Fig. 8: Summary of sRNA deep sequencing data.
figure 8

Size distribution of sense and antisense siRNAs derived from the dsRNA stem of the hpEIN2[WT] and hpEIN2[G:U] in Col-0 (a, b), nrpd1a-3 and ago4-2 (b) backgrounds is shown. Note that for the G:U hpRNA lines, the bulk of the sense siRNAs have the C to U converted sequence of the sense strand, indicating little or no RDR-synthesized secondary siRNAs.

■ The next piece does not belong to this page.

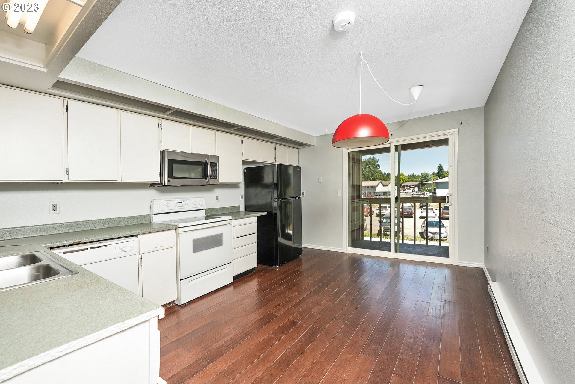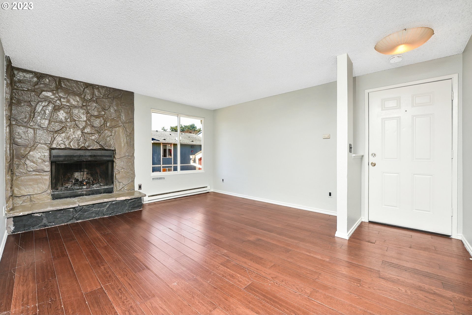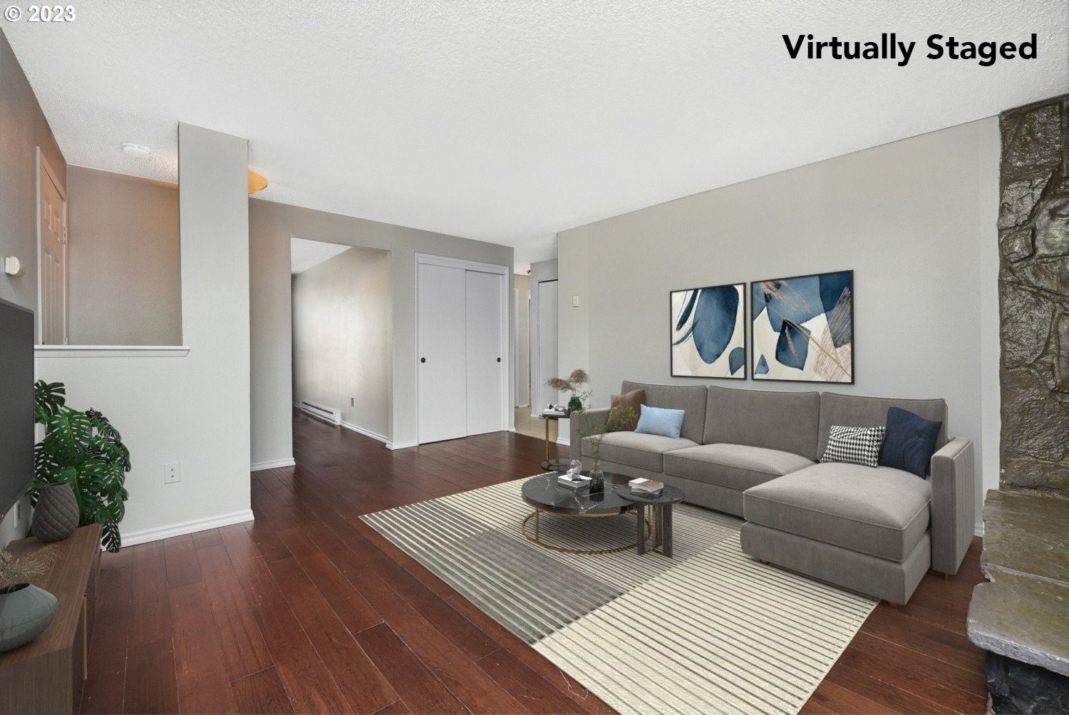 Ring in the new year with a home of your own! At an appealing price and convenient location near downtown Hillsboro, this upper level condo offers an incredible opportunity with its 3 bedroom and 2 full bathrooms. Whether you're looking for a home of your own or a great investment property, you've found it! The spacious kitchen has room for a dining table, tons of cabinet/counter space and sliding glass doors opening to the patio w/ storage. Wood laminate floors run throughout the living room (w/ a fireplace!) and all 3 bedrooms. The primary bedroom has its own private bathroom and massive closet, while the nicely sized 2nd/3rd bedrooms & additional bathroom provide everyone their own space. Kitchen appliances, the in-unit washer/dryer and newer window coverings are all included, plus reserved parking directly in front of the unit. Hillsboro Medical Center, restaurants/coffee, multiple parks, Rec Center, library, & MAX lines are all close by. The HOA covers water, sewer, garbage, exterior maintenance, etc. This condo presents a great ownership opportunity in central Hillsboro at a fantastic price!

The gel mobility difference of siRNAs between traditional and G:U hpRNA plants prompted us to investigate if they possess different chemical modifications at the 5′ and 3′ termini. Plant siRNAs are generally methylated at the 3′ terminus7, and in accordance with this, a β-elimination assay indicated that siRNAs from both hpEIN2[WT] and hpEIN2[G:U] were 3′-methylated (Fig. 7c). Dicer-processed sRNAs were assumed to have 5′ monophosphate but in C. elegans many siRNAs are found to possess di- or tri-phosphate which increases gel mobility in denaturing polyacrylamide gels with high acrylamide:bis-acrylamide ratios18. Alkaline phosphatase treatment reduced the gel mobility for both hpRNA[WT] and hpRNA[G:U]-derived siRNAs (Fig. 7d), which migrated at more similar positions than without the phosphatase treatment. This raises the possibility that the two siRNA populations may have different 5′ phosphorylation. The siRNA bands of hpEIN2[WT] plants aligned well with the 21 and 24 nt sRNA size markers that were monophosphorylated with radioactive 32P (Fig. 7a), suggesting that these siRNAs are largely monophosphorylated. The G:U hpRNA-derived siRNAs, with faster mobility, could therefore possess 5′ di- or multi-phosphate. This possibility was supported by the northern blot showing that the di- and tri-phophorylated sRNA makers migrated faster than the unphosphorylated or mono-phosphorylated markers, and that the hpEIN2[G:U]-derived 24-nt siRNAs migrated at a closer position to the tri and di-phosphorylated 24 nt sRNA markers (Fig. 7e; Supplementary Fig. 11). Northern blot hybridization detected high amounts of long dsRNA species in the hpEIN2[G:U] lines but not in the hpEIN2[WT] plants (Fig. 7b), suggesting that the two types of hpRNA are processed differently. The Arabidopsis microRNA miR168 showed a smaller gel mobility shift than the trans-acting siRNA tasiR255 after alkaline phosphatase treatment (Fig. 7d), suggesting that plant endogenous sRNAs may also possess variable 5′ phosphorylation.

Discussion

In this study we showed that the traditional hpRNA transgenes are invariably methylated at the IR DNA structure and the adjacent promoter sequences compromising RNAi efficiency. This widespread intrinsic DNA methylation and self-silencing of hpRNA transgenes were not reported before but is nevertheless unsurprising. IR DNA structures have long been reported to attract DNA methylation that can extend short distance to upstream promoters in plants, and the methylated IR locus can induce homology-dependent trans-methylation of single-copy loci in the genome19,20,21. The best-studied IR DNA is the naturally occurring PAI1-PAI4 locus in Arabidopsis ecotype Wassilewskija, which always carries dense DNA methylation independently of its transcriptional activity or RdDM factors22. Evidence exists that supports DNA:DNA pairing in IR-induced methylation, but dsRNA and sRNA signals are also suggested to contribute to the methylation, particularly at the homologous trans-methylated non-IR loci20,23. Our results showed that strong DNA methylation in the hpRNA transgenes was largely retained in the mutants of both the upstream siRNA biogenesis factor Pol IV (nrpd1a-3) and the downstream effector AGO4 (ago4-2) of RdDM, which seems to support a RdDM-independent DNA:DNA pairing model in IR methylation. However, the increased uniformity of RNAi across transgenic populations in the ago4-2 and nrpd1a-3 mutants by the traditional as well as G:U hpRNA transgenes suggest that hpRNA transgenes, like any type of transgenes, are also subject to insertion pattern or position-dependent transcriptional silencing, and that RdDM plays a key role in this type of transgene silencing.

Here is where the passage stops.